Similar to GCRS, LCARS algorithms converge in an asymptotic sense as simulation effort goes to infinity. But unlike its globally convergent counterpart, an LCARS algorithm can be, and should be, combined with a statistical procedure to test the local optimality of \(\mathbf{x}_{m}^{{\ast}}\). Formally, the statistical local optimality test of a solution \(\mathbf{x}_{m}^{{\ast}}\) is

$$\displaystyle{\mathrm{H_{0}}:\ g(\mathbf{x}_{m}^{{\ast}}) \leq \min _{\mathbf{ x}\in N(\mathbf{x}_{m}^{{\ast}})}g(\mathbf{x})\quad \mathrm{vs}\quad \mathrm{H_{1}}:\ g(\mathbf{x}_{m}^{{\ast}}) >\min _{\mathbf{ x}\in N(\mathbf{x}_{m}^{{\ast}})}g(\mathbf{x}).}$$

A local optimality test procedure controls the type I and type II errors and provides an implementable stopping rule for LCRS algorithms to terminate the search when a locally optimal solution is found. Such a capability is a very desirable improvement over GCRS, for which it is not possible to stop with any statistical guarantee that \(\mathbf{x}_{m}^{{\ast}}\) is an optimal solution. This test can be rewritten in the following form:

$$\displaystyle\begin{array}{rcl} & \mathsf{P}(\text{declare }\mathbf{x}_{m}^{{\ast}}\text{ locally optimal}) \geq 1 -\alpha _{L}\quad \text{if }g(\mathbf{x}_{m}^{{\ast}}) \leq \min _{\mathbf{x}\in N(\mathbf{x}_{m}^{{\ast}})}g(\mathbf{x}), & {}\\ & \mathsf{P}(\text{declare }\mathbf{x}_{m}^{{\ast}}\text{ not locally optimal}) \geq 1 -\alpha _{L}\quad \text{if }g(\mathbf{x}_{m}^{{\ast}}) \geq \min _{\mathbf{x}\in N(\mathbf{x}_{m}^{{\ast}})}g(\mathbf{x}) +\delta _{L},& {}\\ \end{array}$$

where α L is the type I error and δ L is the indifference zone parameter. This test is thus a special case of comparison with a standard, which is \(\mathbf{x}_{m}^{{\ast}}\). Therefore, efficient sequential procedures such as that of Kim [38] can be used to perform this test.

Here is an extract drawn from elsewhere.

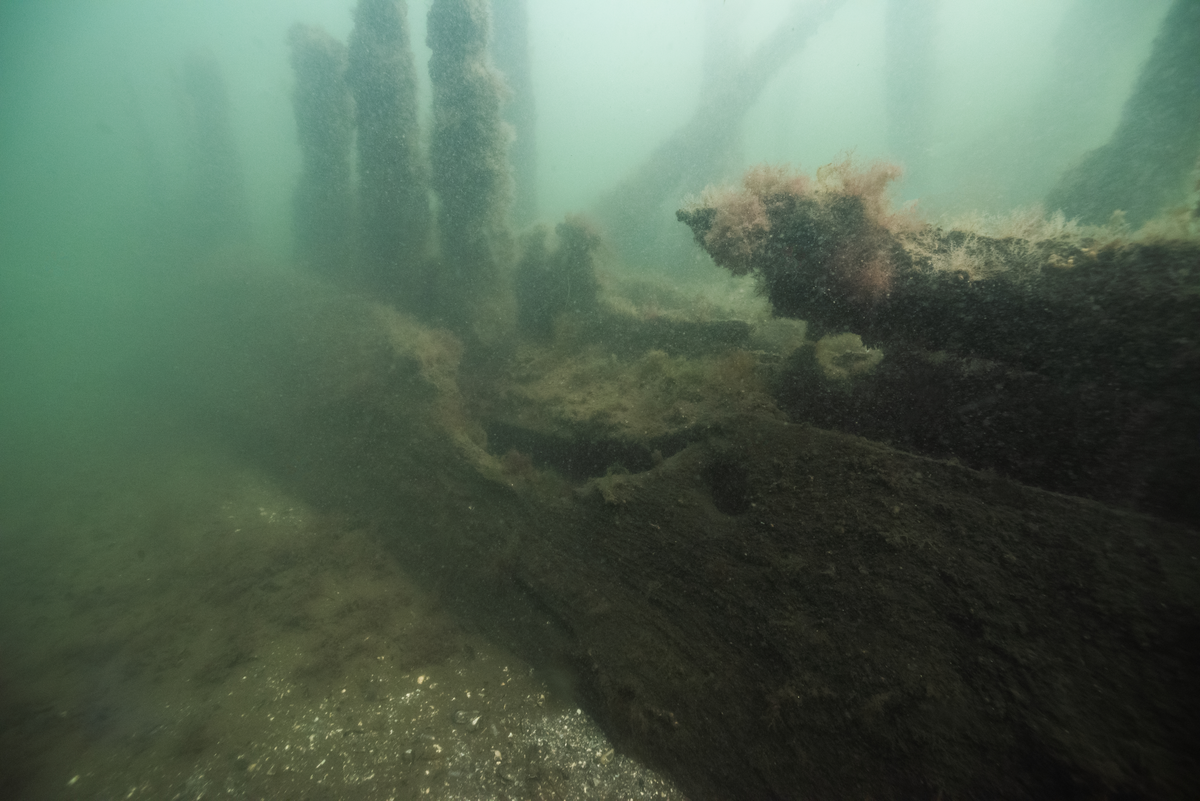 Bilden visar babordssidan och ett av de mycket breda borden på ett av vraken. Det runda urtaget har oklart syfte.

The generic LCARS algorithm is identical to the generic GCARS algorithm presented in Sect. 2.5. We now look at two specific LCARS algorithms in more detail to learn how different components of the generic LCARS algorithm can be designed to improve the practical performance of an LCARS algorithm while preserving its local convergence property. We will pay special attention to the design of the “promising” subset \(\varTheta ^{m} \subset \varTheta\) and the sampling probability distribution \(F_{m}(\cdot \vert \mathcal{M}_{m})\).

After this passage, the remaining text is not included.